In Louisiana vs. Kennedy, the majority held unconstitutional a statute that permitted the death penalty for rape of a child under the age of 12. Explaining why the statute violated the constitutional prohibition against ”cruel and unusual“ punishment, Kennedy declared that, ”Evolving standards of decency must embrace and express respect for the dignity of the person, and the punishment of criminals must conform to that rule.“ Will someone please ask Kennedy and his liberal fellows this question: If it's all a matter of ”evolving standards,“ then why pretend to abide by a written document at all? And whose evolving standards?

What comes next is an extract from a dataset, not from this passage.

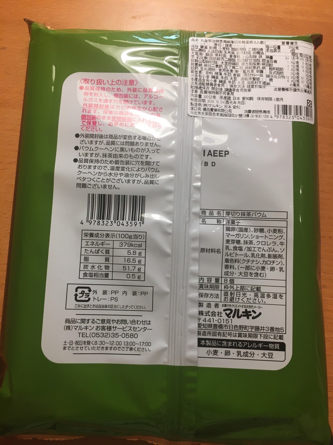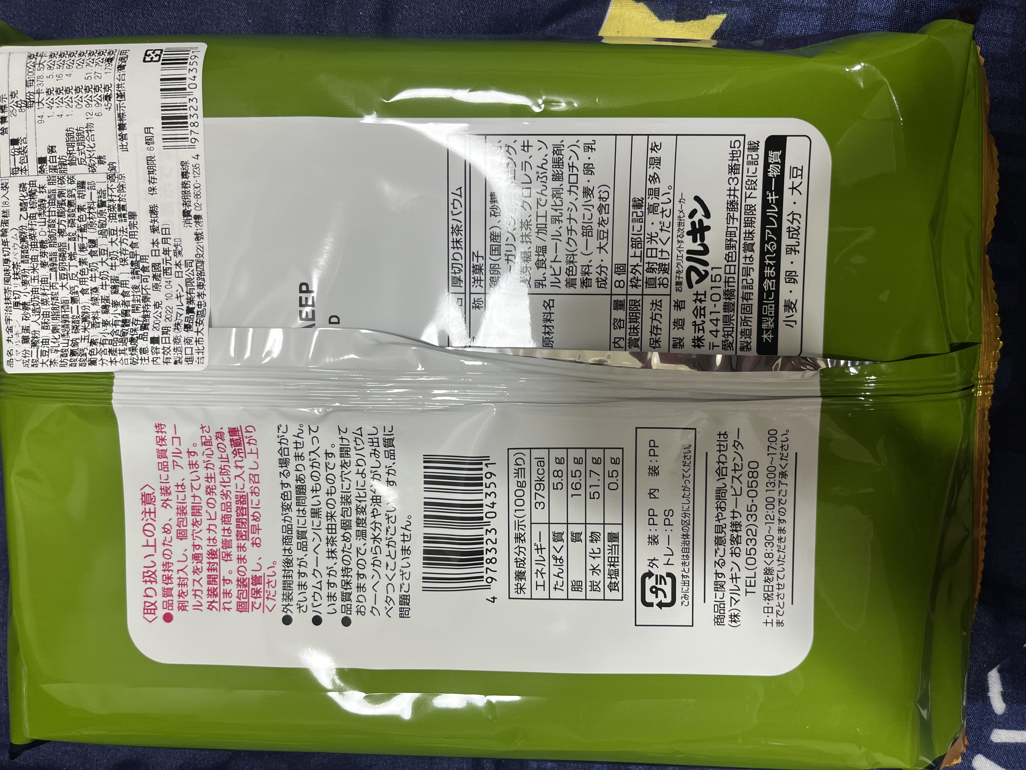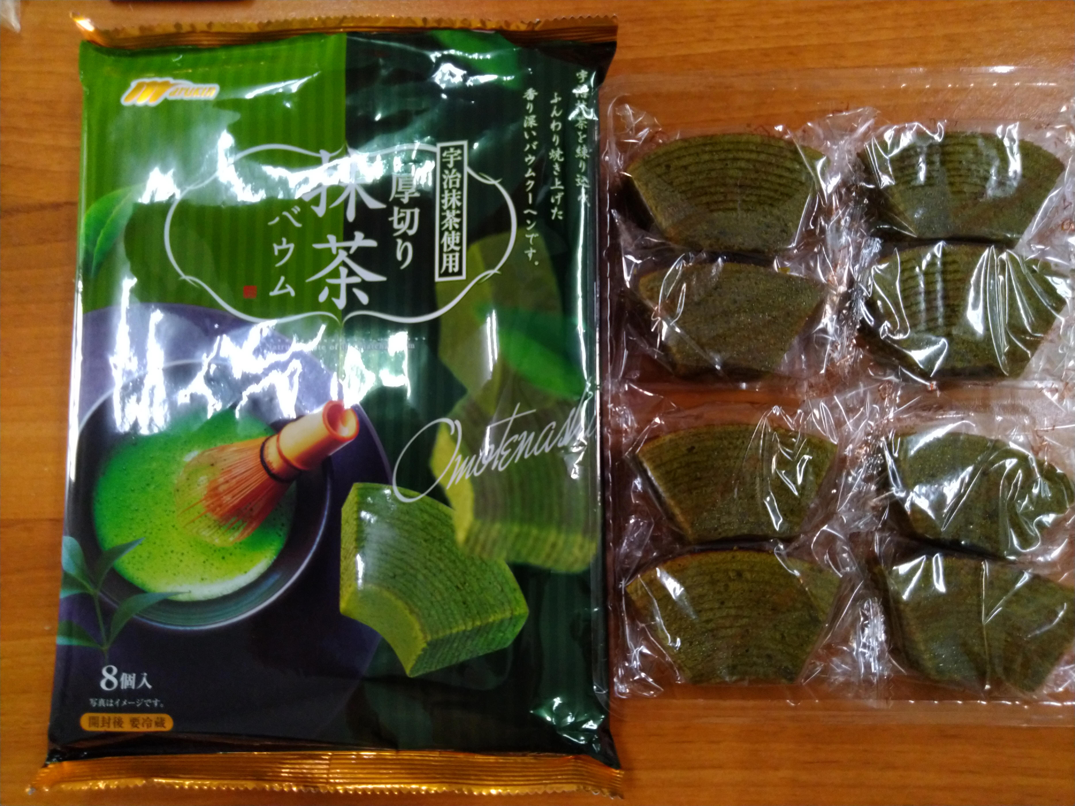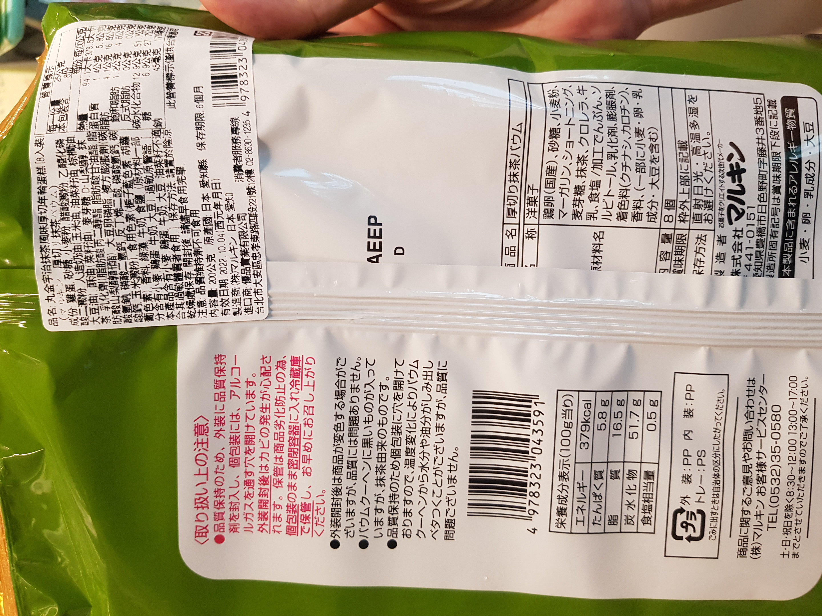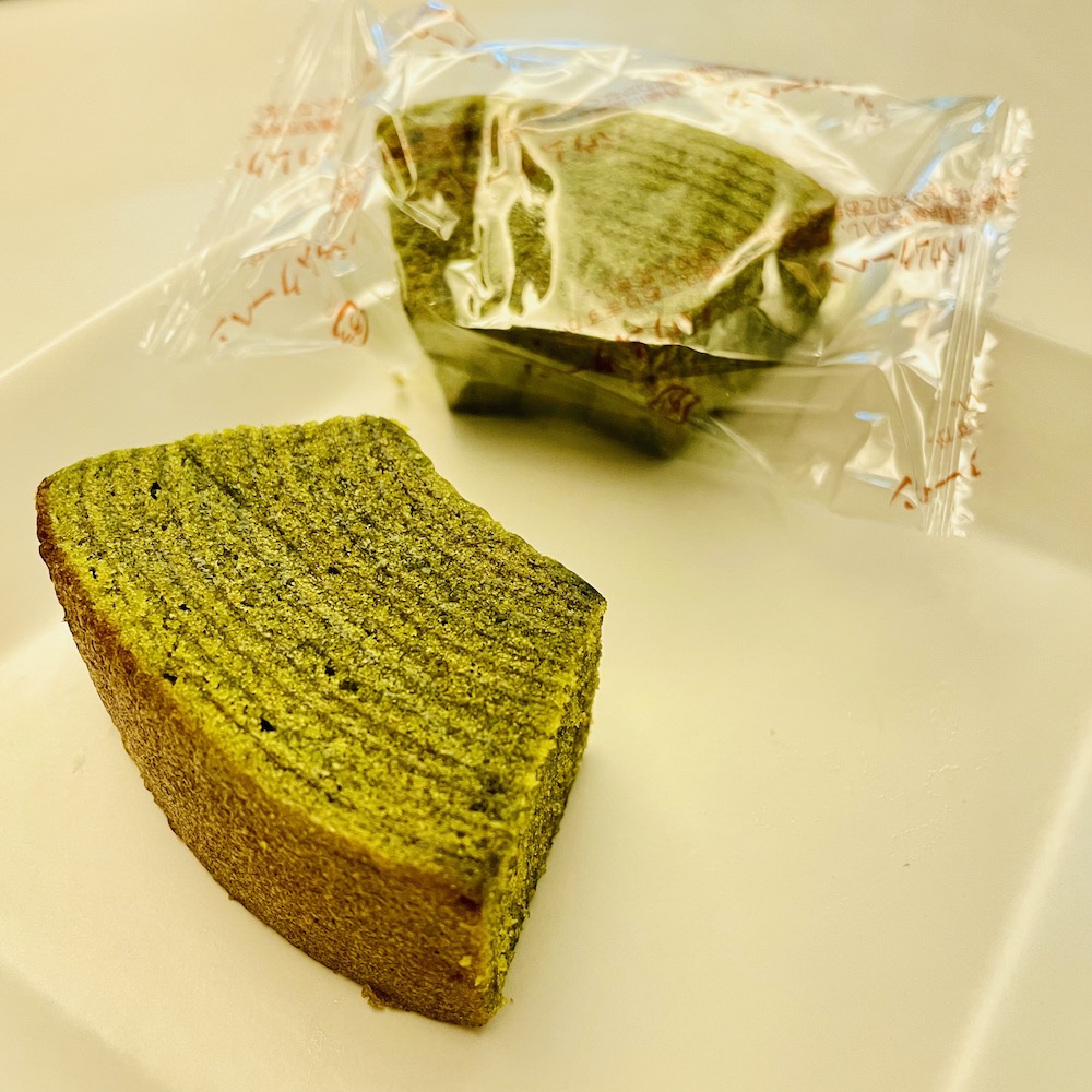 雞蛋、砂糖、小麥粉、人造奶油、酥油(芥籽油)、麥芽糖、抹茶、綠藻、牛奶、食鹽、氧化澱粉、甜味劑(D-山梨醇)、脂肪酸甘油酯、膨脹劑(碳酸氫鈉)、食用色素(黃梔子、胡蘿蔔素)、香料、(原材料的一部份含有小麥、雞蛋、牛奶、大豆)

Justice Antonin Scalia's majority opinion in District of Columbia vs. Heller, by contrast, is all about — guess what — the intent of the founders. The distraction of the militia clause in debates over the amendment's meaning is now eliminated.
As the court was careful to clarify, the existence of an individual right to keep and bear arms does not mean that the right is absolute. Time, place, and manner restrictions have always been recognized even with respect to sacred First Amendment rights. But the hurdle states will have to clear to regulate gun ownership by law-abiding citizens just got inestimably higher.
Constitutionally on target
I would like to be able to thunder about the injustice committed by an activist, arch-conservative Supreme Court that seeks to return our jurisprudence to the 18th century. I will, almost certainly, about some future outrage. But this time, I can't.
The big problem is the clarity of the Second Amendment's guarantee of the ”right of the people to keep and bear arms.“ The traditional argument in favor of gun control has been that this is a collective right, accorded to state militias. This has always struck me as a real stretch, if not a total dodge.
I've never been able to understand why the Founders would stick a collective right into the middle of the greatest charter of individual rights and freedoms ever written — and give it the No. 2 position, right behind such bedrock freedoms as speech and religion. And even if the Second Amendment were meant to refer to state militias, where did the founders intend for the weapons to be stored? In the homes of the volunteers, is my guess.
More broadly, I've always had trouble believing that a bunch of radicals who had just overthrown their British oppressors would tolerate any arrangement in which government had a monopoly on the instruments of deadly force. I don't mean to sound like some kind of backwoods survivalist, but I think the revolutionaries who founded this nation believed in guns. Did they believe in assault weapons? Of course not. Would they be appalled that drug gangs are often better armed than the police? Of course they would. But I also believe that if the Constitution says yes, you can't just blithely pretend it says no. Thursday's decision appears to leave room for laws that place some restrictions on gun ownership but still observe the Second Amendment's guarantee. If not, then the way to fix the Constitution is to amend it — not ignore it.